Quote by Albert Einstein

 

On three occasions in the last twelve months I have toured the border east of Douglas with various dignitaries including authors, Tea Party leaders, film makers and three congressman: Jason Altmire and Tim Holden from Pennsylvania, and John Barrow from the state of Georgia. If you stand at the international boundary where it traverses the southern edge of the San Bernardino National Wildlife Refuge you can look east and west and see a stretch of road right next to the border fence and get a panoramic view at the least fifteen miles in length. At no time on any of these three trips did we encounter, or see, a single border patrol vehicle or agent. Why isn’t the Border Patrol on the border?

            Twenty-seven miles straight north of the San Bernardino National Wildlife Refuge, five miles north of Highway 80 on Price Canyon Road there is a Border Patrol camp. While three shifts of agents work out of this camp Mexican outlaws pack dope on a nightly basis a mere stones throw away from the FEMA surplus camp trailers that house these Border Patrol employees. I live where Price Canyon Road leaves the highway, and I view Border Patrol vehicles going to and fro fifteen times an hour - 24/7. Off duty agents drive into town in government vehicles to get supplies, and none of them that you ask will tell you they catch more than one in four illegal aliens; many estimates are one in ten.

            In the last several years Mexican cartel employees have started numerous forest fires in Cochise County costing the American taxpayer hundreds of millions to fight. In the summer of 2011 the Horseshoe Fire #2 burned the entire Chiracuhua Mountain range down and that fire alone cost the U.S. Treasury fifty million to put out. Since that fire the National Forest Service, who refuses to acknowledge the fires were started by outlaw Mexicans, have installed large metal gates on all major roads entering forest lands in the Chiracuhua range.

            On Tex Canyon Road a mile or so above the Krentz Ranch the new gate is a few steps away from a large sign installed by the federal government warning all who see it that drug smugglers and criminal aliens are known to be in the area. The heavy metal gate that cost taxpayers $2500.00 to build has one purpose: to deny access to you and me on what is supposed to be public land. Mexican outlaws are free to roam, but you and I will soon be locked out. Why do Mexican outlaws have more freedom that I have?

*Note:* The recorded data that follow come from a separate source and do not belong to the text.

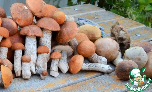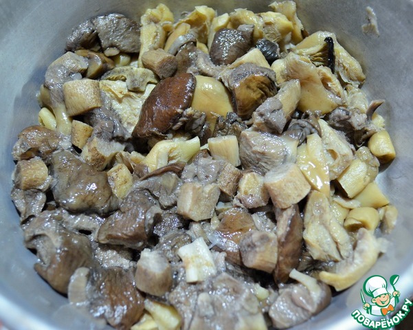 Лесные грибы отварить (25-30 минут), промыть, дать стечь воде.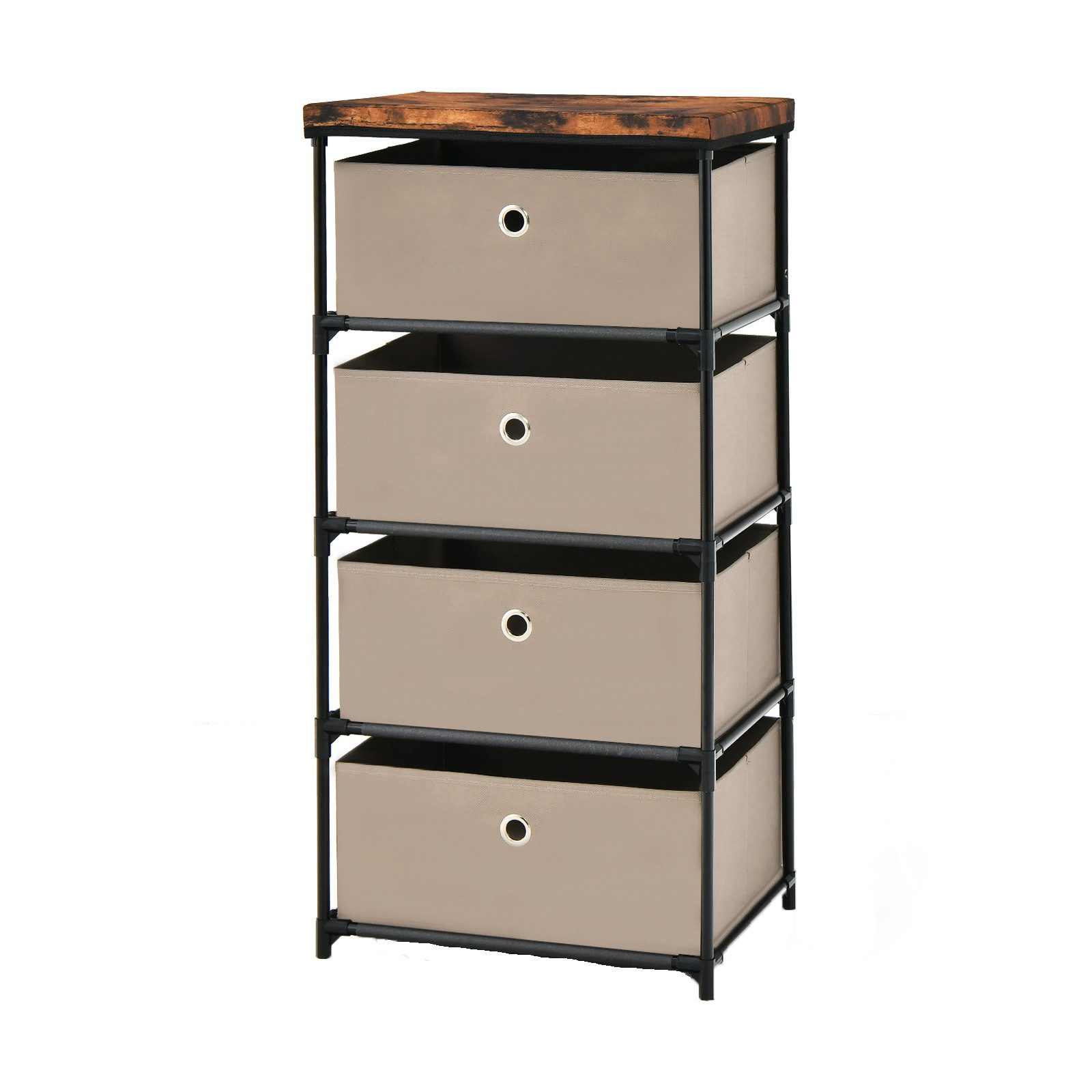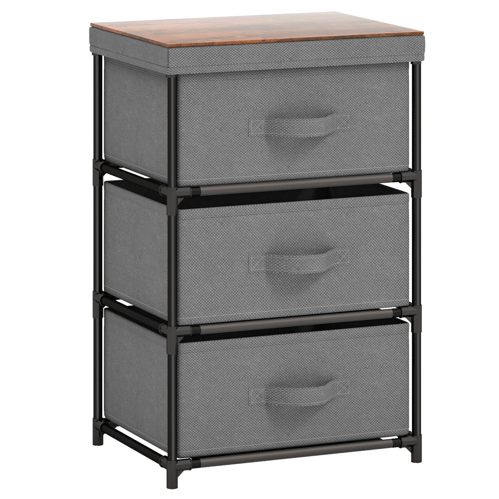 Diese Aufbewahrungsschubladen-Einheit wird Ihre Lebensqualität erheblich verbessern und Ihre Zimmer frei von Unordnung halten. 3 Schubladen und eine breite Oberfläche bieten viel Stauraum für Kleidung, Brillen, Lampen, Bücher und andere Gegenstände. Der stabile Metallrahmen bietet zuverlässige Unterstützung. Die aus Non-Woven gefertigten Schubladen sind nicht nur einfach zu falten, sondern auch widerstandsfähig gegen Abnutzung und eignen sich somit perfekt für den Langzeiteinsatz. Es besteht kein Zweifel daran, dass dieser Schubladen-Turm ideal für Schlafzimmer, Wohnzimmer, Flure und kleine Apartments ist. Mit einem so praktischen Organizer zur Hand, worauf warten Sie noch? Bestellen Sie jetzt!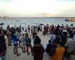 This morning we were enjoying safety demonstrations when a message came from the bridge that a humpback whale carcass was floating near the ship. When we got close, we could see sharks feeding on the carcass. A good day for the sharks, not such a good one for the whale.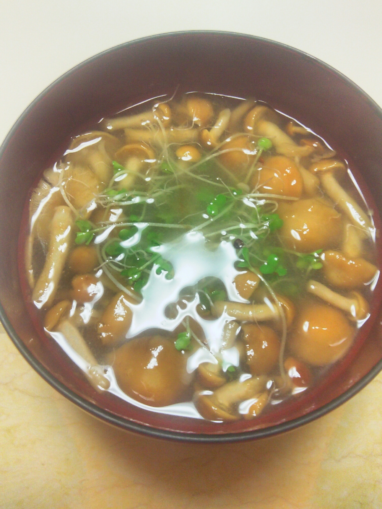 なめことブロッコリースプラウトの味噌汁 レシピ 作り方 By イク9110 楽天レシピ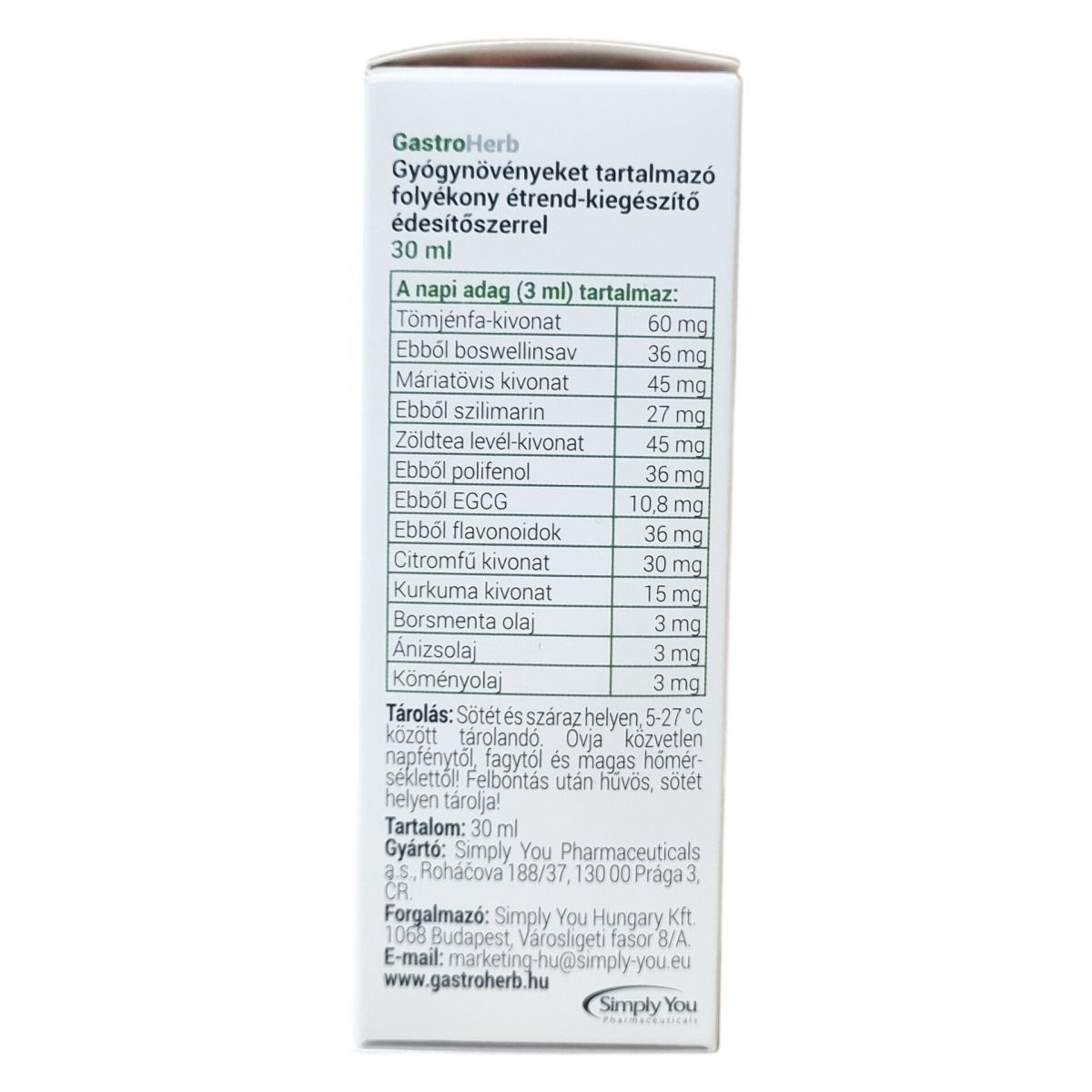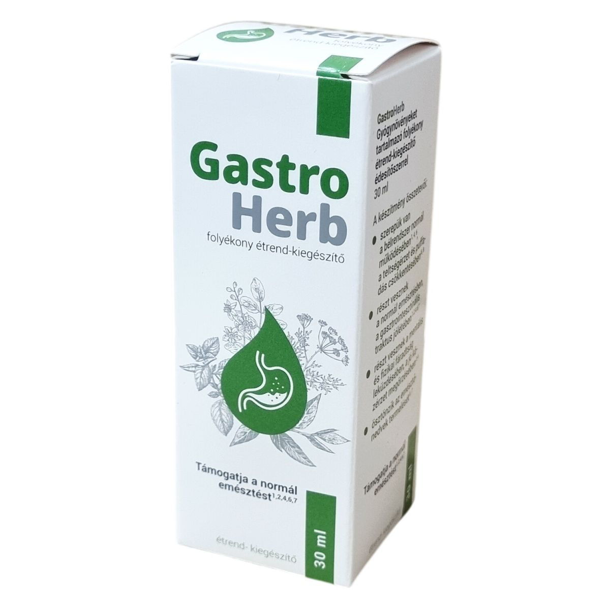 A GastroHerb egy gyógynövényeket tartalmazó folyékony étrend-kiegészítő, amely különféle növényi kivonatokból és esszenciális olajokból áll. Összetevői között szerepelnek például tömjénfa gyanta-kivonat, máriatövis mag-kivonat, zöldtea levél-kivonat, citromfű levél-kivonat, kurkuma gyökér-kivonat, illetve borsmenta, ánizs és kömény olajok. Ezek az összetevők szerepet játszhatnak a bélrendszer normál működésében, a teltségérzet és puffadás csökkentésében, valamint a gasztrointesztinális traktus jólétének támogatásában. Ezen felül hozzájárulhatnak a mentális és fizikai fáradtság leküzdésében és a jó közérzet megőrzésében, továbbá ösztönözhetik az emésztőnedvek termelését. A termék édesítőszerrel készül, és 30 ml kiszerelésű, amely napi adagja 3 ml. A készítmény használata során figyelembe kell venni az ajánlott adagolást és a figyelmeztetéseket, valamint a tárolási útmutatókat is. A GastroHerb fogyasztása a kiegyensúlyozott étrend és egészséges életmód kiegészítését szolgálja.

            A Border Patrol supervisor from the camp on Price Canyon Road recently told a neighboring rancher that he was going to have to take some mandatory time off. “Why?” The rancher asked. The agent replied he had exceeded the maximum overtime limit and if he didn’t stand down for several weeks he would be making too much money. “How much do you make,” the rancher asked? “Oh, I’ll pull down about $134 thousand this year” was the agents reply.

            In the last decade job growth in the private sector has increased 1 percent, compared to 15 percent in government. When this recession started a couple years ago the U.S. Department of Transportation had one employee making $170,000 a year, today there are 1690. Employees in the Department of Defense making over $150,000 a year has increased in numbers from 1168 to 10,100 in a couple years. Since Obama has been elected President, federal employees making over $100,000 have doubled in number. Per capita, individuals who are employed by the federal government make over twice as much as those employed in the private sector. The Border Patrol itself has 21,000 plus agents. I wonder how many of these would vote for a candidate who truly wanted to seal the border?

            In the last few months I have interviewed numerous business people and law enforcement personnel from several agencies. I ask them how many businesses in border towns like Douglas are legitimate and how many are mere fronts for money laundering and other illegal activities relative to cartel smuggling. The lowest estimate given me was 20 percent who are involved to some degree with illegal border trade. The highest estimate was 80 percent, with most people I talked to saying it’s somewhere between 35 percent and 50 percent. No one I questioned denies a large underground economy that benefits not only Mexicans but many U.S. citizens, some of whom have ties to Washington D.C. The drug trade in Mexico is estimated to be a trillion dollar industry. No one knows for sure how big it is, but everyone agrees that it is so awash with cash that it makes the GDP of many nations in the world pale in comparison.

            I am acquainted with a plain clothes NARC detective (who is not employed by a federal agency). In a conversation a few months ago he told me a story how in the mid-nineties he and other officers after making a large narcotics bust acquired enough evidence to arrest three U.S. Customs agents for taking bribes and in the course of the investigation on these agent’s treasonous acts they put together a cut and dried case that should have convicted them. They couldn’t even get an indictment. He explained that the U.S. Customs agency itself didn’t want the bad publicity. The judge was apathetic and the district attorney was lazy – nobody cared. At the end of this story he looked at me with disgust and said,” Right today I know of ten agents working at the port of entry between Douglas and Agua Prieta that are taking bribes, and there is nothing I can do about it.”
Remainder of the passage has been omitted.